The UC Python UDTF Advantage

  • Write once in Python; call anywhere—works across sessions, SQL warehouses, UC clusters, and pipelines.
  • Discover via system tables or Catalog Explorer.
  • Share under full UC governance.
  • Manage permissions with grant/revoke controls.
  • LakeGuard isolation ensures secure, sandboxed execution with temporary disk/network access.

---

Quick Start Example: IP Address Matching

Problem:

Matching IPs against network CIDR blocks in SQL is tough due to missing native CIDR logic.

Solution:

Use UC Python UDTFs with Python’s `ipaddress` module to:

  • Accept a table of IP logs as input.
  • Load CIDR block list once per partition.
  • Test each IP for membership in known networks.
  • Return enriched log data with match results.

---

Benefits for Teams

This UC-based approach:

  • Makes Python logic widely reusable and centrally governed.
  • Integrates seamlessly into varied analytics workflows.

---

AiToEarn Integration Opportunity

If your workflow includes publishing reports/insights, AiToEarn adds:

  • AI-powered content creation.
  • Cross-platform publishing.
  • Integrated analytics and model ranking.

---

Step-by-Step

1. Sample Data

IPv4 and IPv6 addresses:

| log_id | ip_address | network | ip_version |

|--------|------------|---------|------------|

| log1 | 192.168.1.100 | 192.168.0.0/16 | 4 |

| log2 | 10.0.0.5 | 10.0.0.0/8 | 4 |

| log3 | 172.16.0.10 | 172.16.0.0/12 | 4 |

| log4 | 8.8.8.8 | null | 4 |

| log5 | 2001:db8::1 | 2001:db8::/32 | 6 |

| log6 | 2001:db8:85a3::8a2e:370:7334 | 2001:db8::/32 | 6 |

| log7 | fe80::1 | fe80::/10 | 6 |

| log8 | ::1 | ::1/128 | 6 |

| log9 | 2001:db8:1234:5678::1 | 2001:db8::/32 | 6 |

---

2. Define UDTF Class

  • Use `t TABLE` to accept flexible schemas.
  • Initialize heavy resources in `__init__` (once per partition).
  • Implement row-by-row matching in `eval()`.
  • Specify the class in SQL with HANDLER.

---

3. Register in Unity Catalog

Once registered, call via:

SELECT * FROM TABLE(ip_cidr_matcher(my_ip_logs))

---

Output Example

Enriched IP dataset with matched networks and IP versions (see table above).

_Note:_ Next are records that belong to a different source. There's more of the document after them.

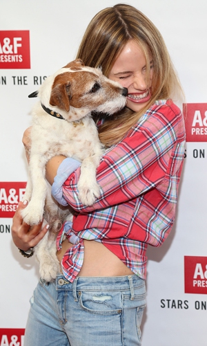 Actress Halston Sage and canine actor Uggie attend Abercrombie & Fitch's presentation of their 2013 Stars on the Rise at The Grove on July 11, 2013 in Los Angeles, California. Photo: AFP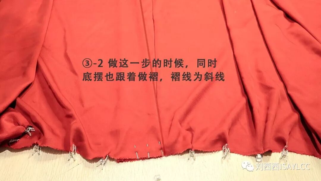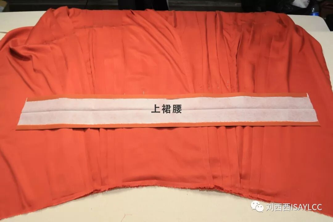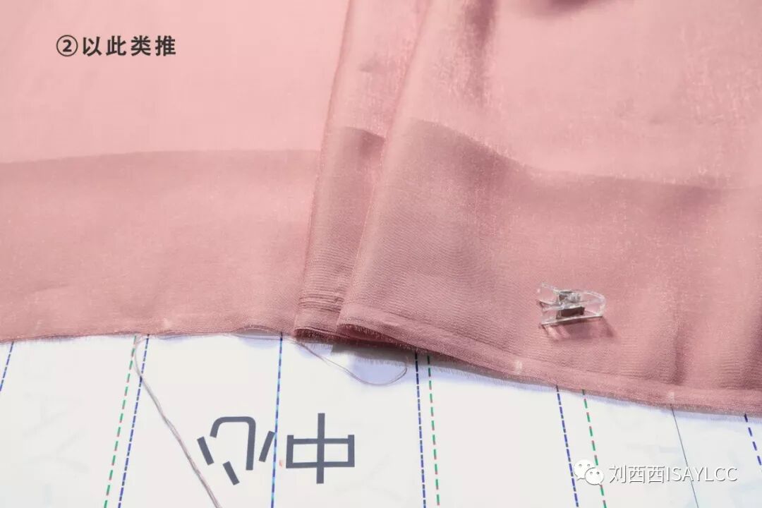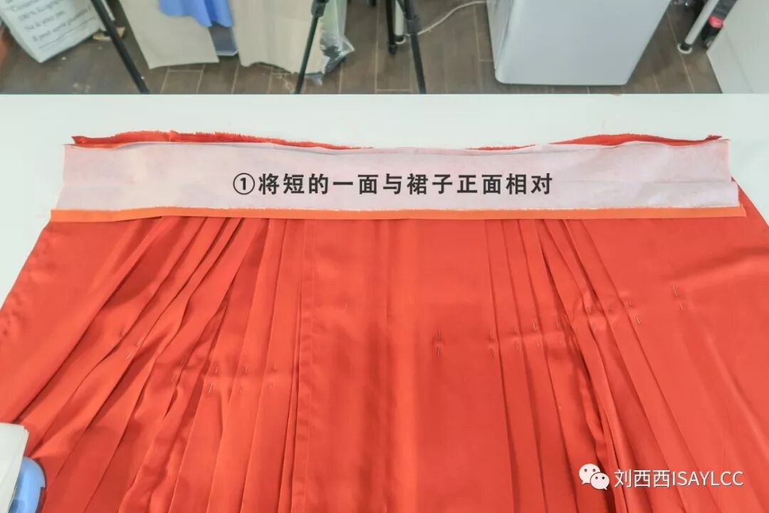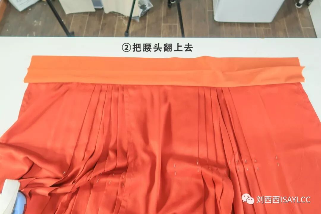 兩片裙片對齊的時候,要注意裙門不要歪,裙門的上下都要對齊,左右不要露出來。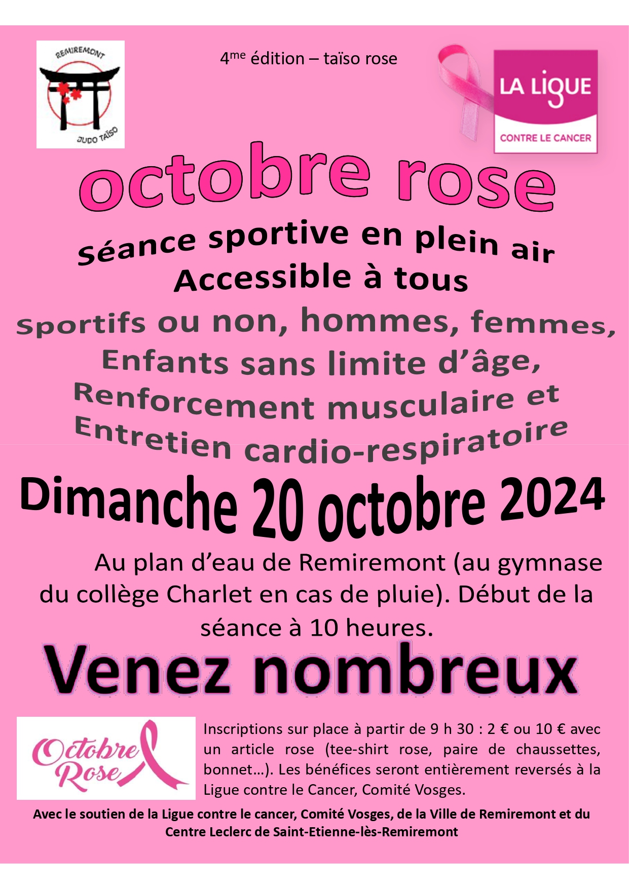 Dans le cadre d’Octobre Rose, Remiremont Judo proposera une séance sportive en plein air au plan d’eau de Remiremont (en cas de pluie, au gymnase du collège Charlet) à 10 h le dimanche 20 octobre. L’évènement est ouvert à tous, sportifs ou non, hommes, femmes et enfants. Au programme : renforcement musculaire et entretien cardio-respiratoire !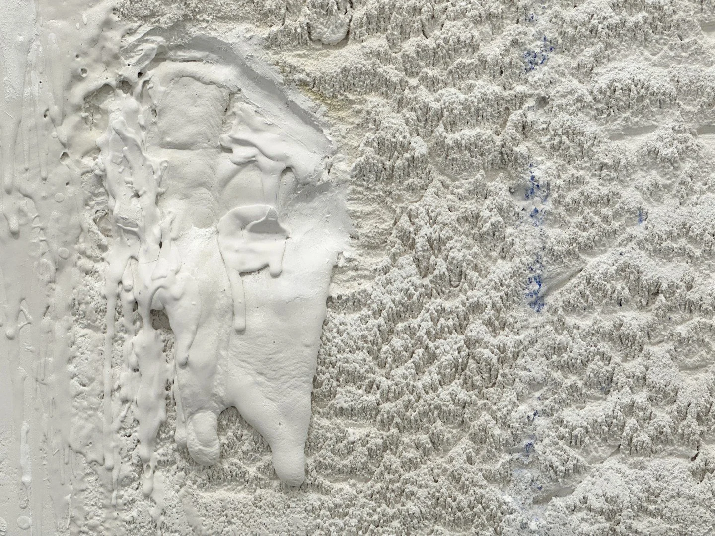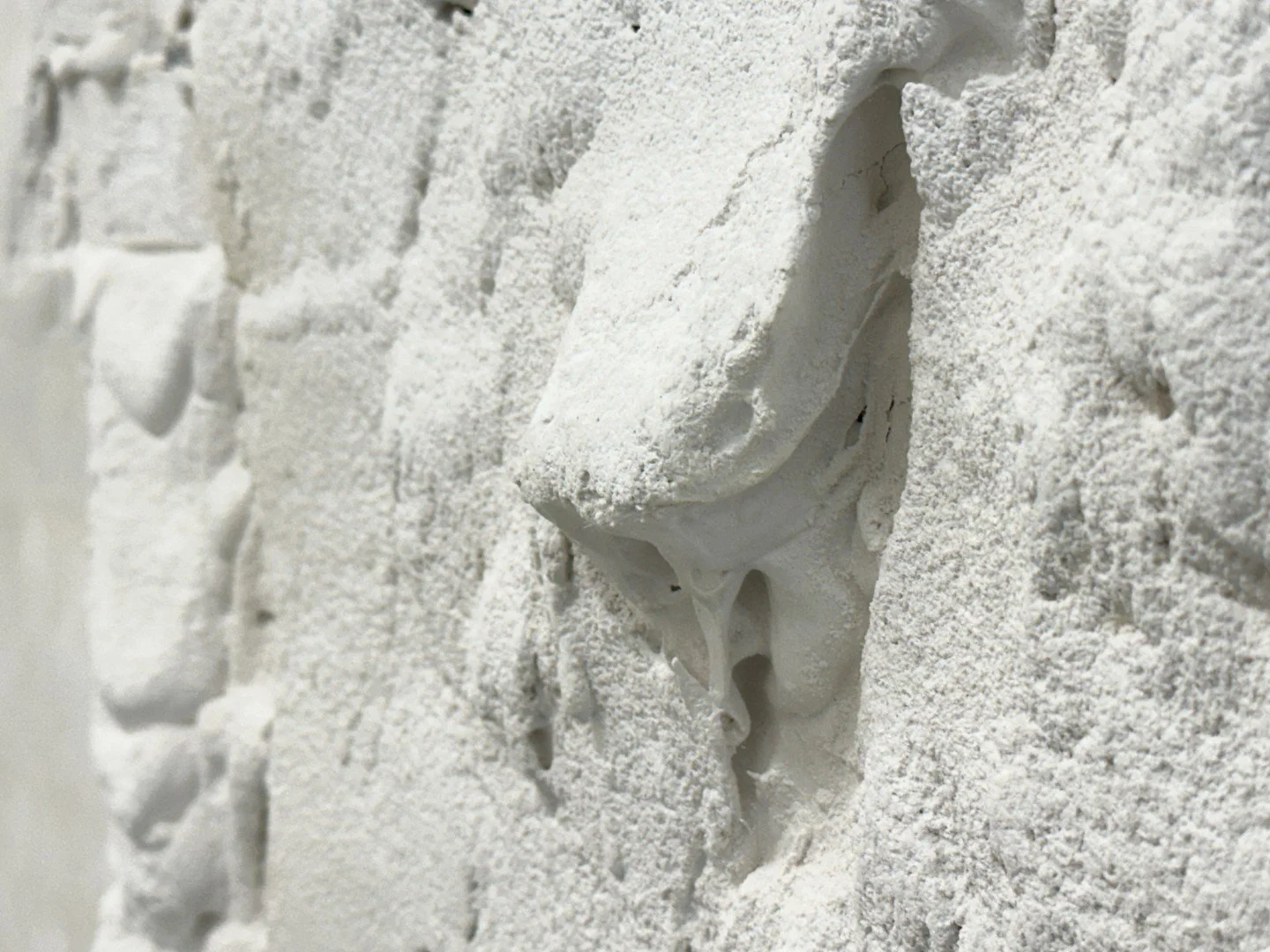 About the Emplacement exhibition, Jill Downen states: "Drawing is the first form of expressivity, before verbal acquisition, to reach out and touch a surface in a way that leaves a mark. Drawing is the main artery that runs through my life’s work: the immediacy of thought, to make sensations and ideas visible. Drawing with plaster fits my sensibilities and physicality. After years of drawing with plaster on various grounds, including paper, I arrived at the conclusion that the plaster needed an architectural substrate. Wood lath brings the skeletal support and conceptual framework in a unified form. These materials allow me to erase with chisels and grinders, building up the surface and then taking it back down to the bones cyclically until the piece is resolved."

The schema-agnostic design allows reuse across multiple datasets.

---

Conclusion

Python UDTFs in Unity Catalog give you:

  • Centralized governance
  • High performance for partition-based heavy logic
  • Schema flexibility
  • Easy SQL integration

For extended publishing workflows, AiToEarn bridges data analysis outputs with global, multi-platform distribution—connecting technical insights to real-world audiences.

Read more

Translate the following blog post title into English, concise and natural. Return plain text only without quotes. 哈佛大学 R 编程课程介绍

Harvard CS50: Introduction to Programming with R Harvard University offers exceptional beginner-friendly computer science courses. We’re excited to announce the release of Harvard CS50’s Introduction to Programming in R, a powerful language widely used for statistical computing, data science, and graphics. This course was developed by Carter Zenke.